不动产用益物权与特许物权集中体现了物权法“从所有到利用”理论变迁在环境保护领域的完善与发展。
(四)债与合同法领域—环境资源市场交易行为规范研究
市场是一系列交易的总和。市场手段在环境问题解决过程中的导入,主要是在一定程度和范围内实现市场机制对环境资源的配置,这一目标的实现依赖于对环境资源的市场化交易,通过交易的方式增强环境资源配置的合理性,寻求公平与效率的平衡。在环境资源财产权利明晰之后,这种交易行为主要表现为环境资源财产性权利在市场上的交易和流转,比如排污权交易(也有学者将其称为“环境容量使用权交易”),自然资源用益性权利的交易以及部分自然资源所有权的交易等等。现有的以管理为核心的环境法律体系显然对上述市场化的内容难以兼容,需要结合民法中有关行为法的理论丰富传统的环境法理论,推进市场化条件下环境法从“管理之法”向“经营之法”的理论拓展。

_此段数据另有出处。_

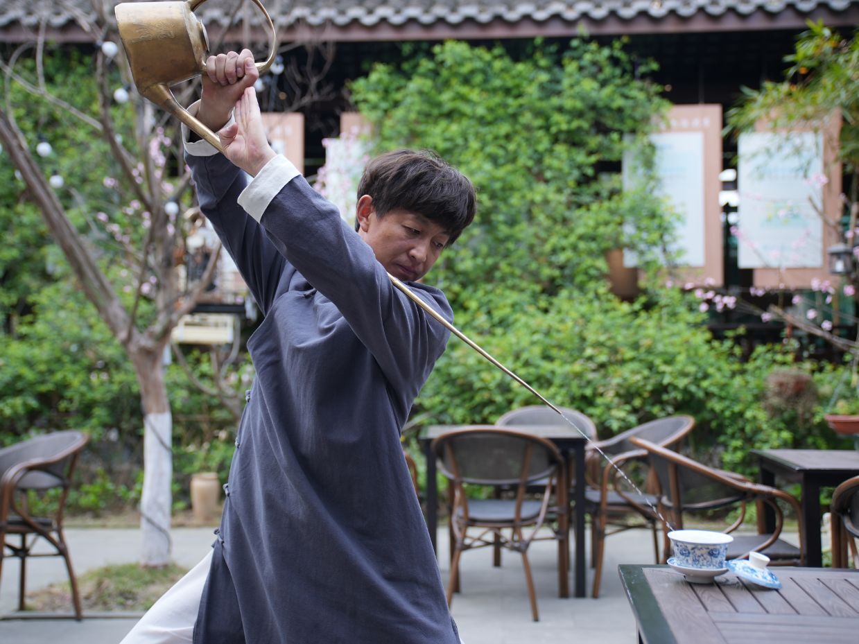 成都铜壶茶艺非遗传承人曾小龙表演茶艺

由于环境资源自身的特殊性,其市场交易行为与一般民事交易有所不同:首先,环境资源一般由国家代表公众所有,那么在一级市场对环境资源的初始配置无疑是进一步展开交易的前提,在初始配置的过程中贯彻平等竞争、等价有偿等基本交易原则;与国家相对的一方在取得对特定化环境资源的权利的同时,为保证对环境资源的合理使用,国家必须在让渡权利的同时附加相应的义务,研究的重点应放在对此附加义务方面,从义务设定的范围、期限、救济等方面进行详尽的分析;其次,环境资源市场交易的主要目的就是要通过利益机制的导入,促进对环境资源的使用更加合理,维持环境保护与经济发展的平衡,在保证自然承载能力不受根本性破坏的前提下为经济发展辟出尽可能大的空间,在环境资源市场培育阶段,为防范投机风险,政府的监管必不可少。第三,公众或企业大量投入或长期经营所形成的环境治理和生态建设的成果,为保证投入者对其产出享有的权利真正在经济上能够得以实现,保护和加强对环境资源投入的信心,在诸多经济返还和补偿机制之中,国家回购制度的建立无疑是其中最直接最有效的途径之一,该问题的法律制度设计也应是环境资源市场交易法律规范研究的重要方面。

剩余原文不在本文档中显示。